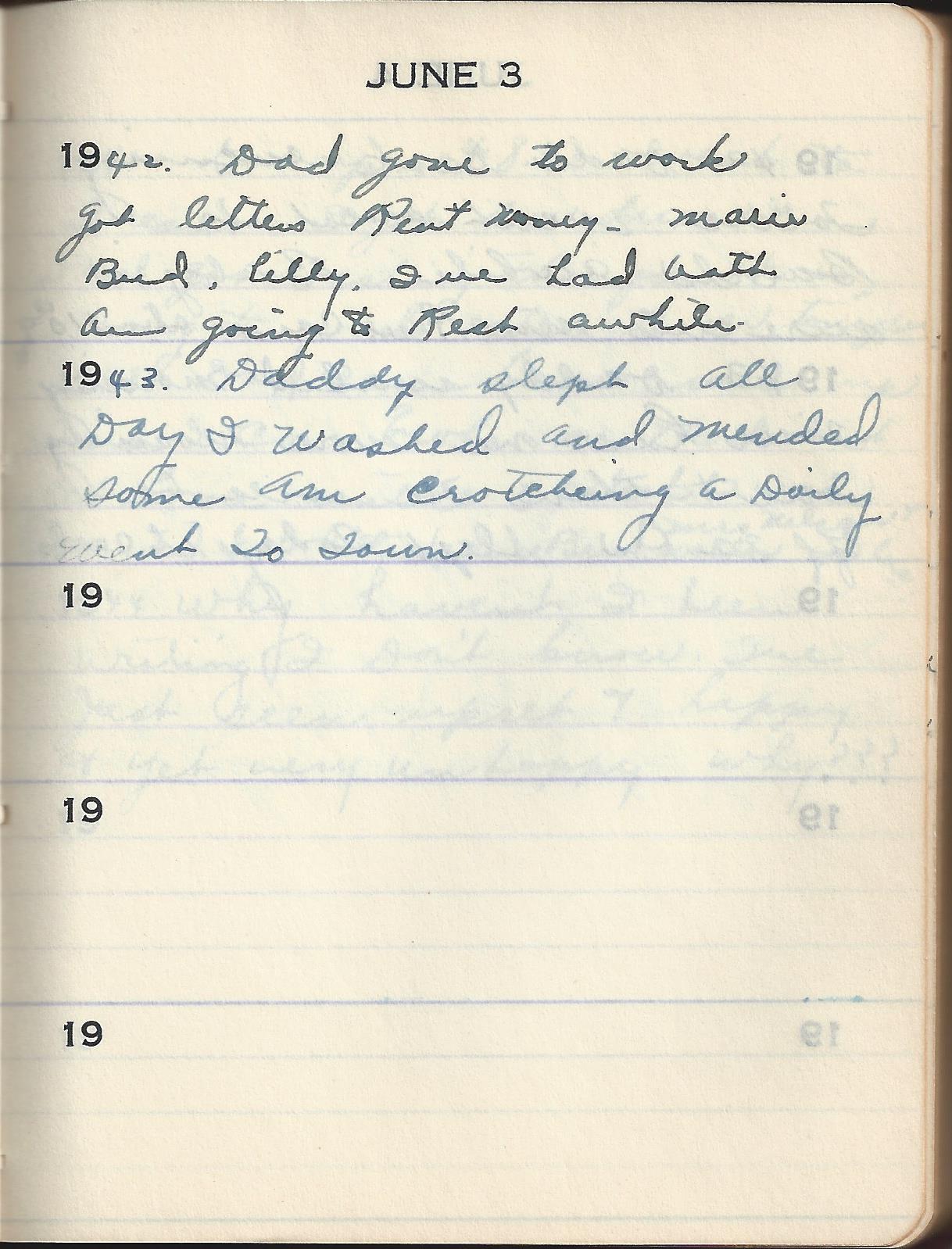 1943 Daddy slept all Day I washed and Mended some am crotcheing a Doily went To Town.
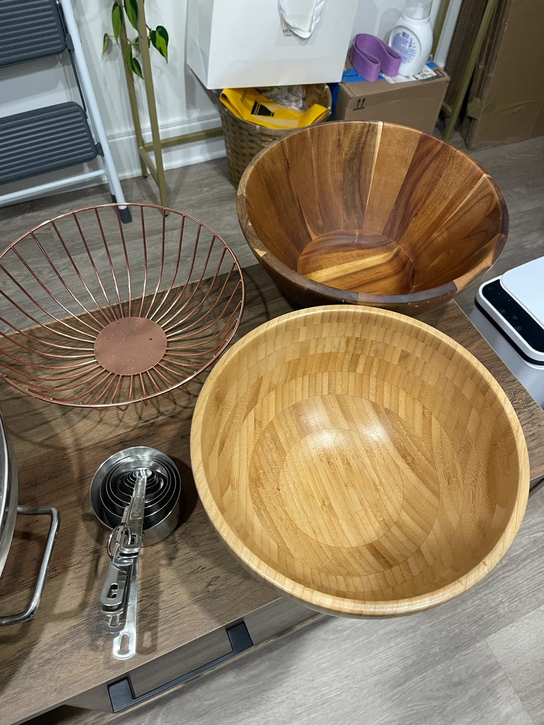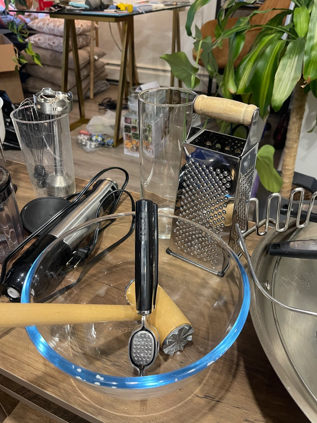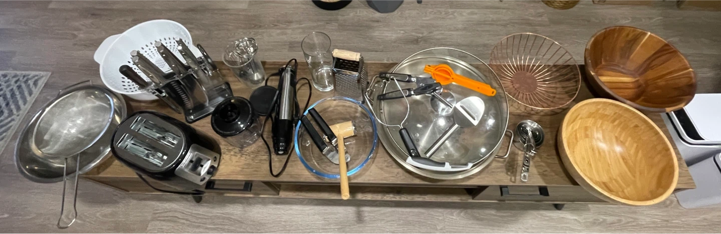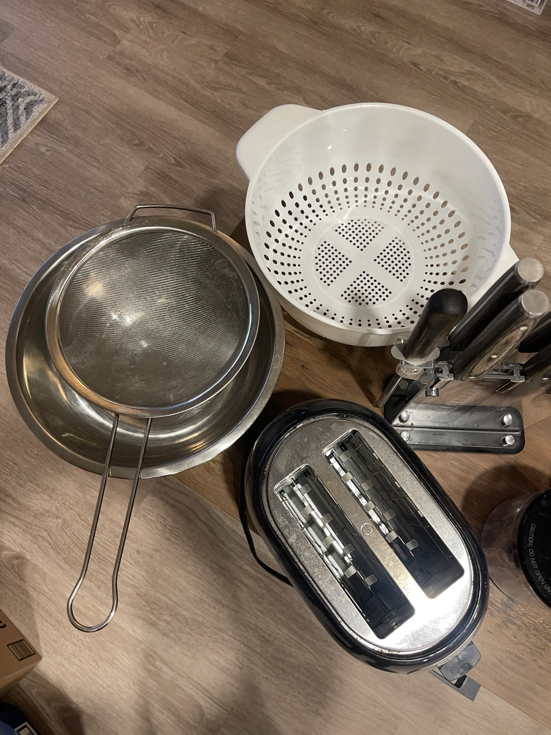 Selling a collection of various kitchen utensils! Includes items like a toaster, stick blender, knife set, wooden and metal salad / fruit bowls, wok, measuring spoons and cups set, and more. Perfect for someone setting up a new kitchen or looking to expand their cooking tools.
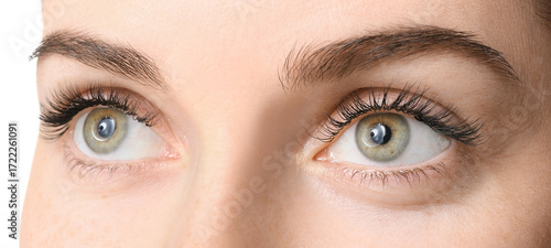 © Pixel-Shot, Obraz premium Beautiful young woman with eyelash extensions on white background, closeup
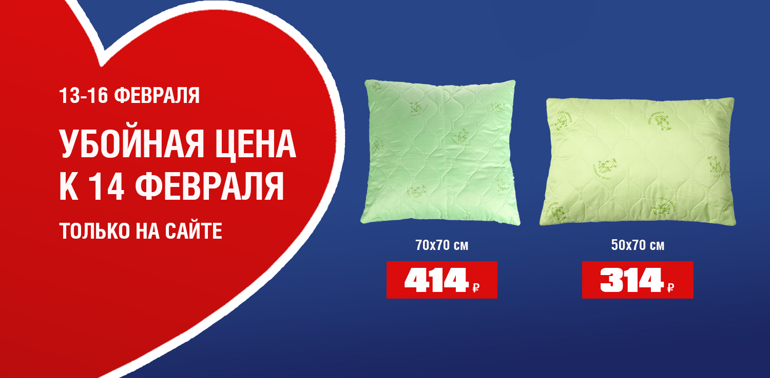 Условия отличаются: Ивдель, Первоуральск - в акции участвует только арт. ВЧ997 Подушка 50х70 см - 314 ₽; Красноуфимск, Реж, Тюмень - в акции участвует только арт. ВЧ999 Подушка 70х70 см - 414 ₽.
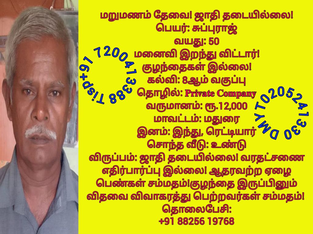 42 சுப்புராஜ், மதுரை, +91 88256 19768

-----

YOUR OBJECTIVE: Each line above should be set down exactly as written, with pictures excluded.

FINISHED TASK:
 1943 Daddy slept all Day I washed and Mended some am crotcheing a Doily went To Town.
 Selling a collection of various kitchen utensils! Includes items like a toaster, stick blender, knife set, wooden and metal salad / fruit bowls, wok, measuring spoons and cups set, and more. Perfect for someone setting up a new kitchen or looking to expand their cooking tools.
 © Pixel-Shot, Obraz premium Beautiful young woman with eyelash extensions on white background, closeup
 Условия отличаются: Ивдель, Первоуральск - в акции участвует только арт. ВЧ997 Подушка 50х70 см - 314 ₽; Красноуфимск, Реж, Тюмень - в акции участвует только арт. ВЧ999 Подушка 70х70 см - 414 ₽.
 42 சுப்புராஜ், மதுரை, +91 88256 19768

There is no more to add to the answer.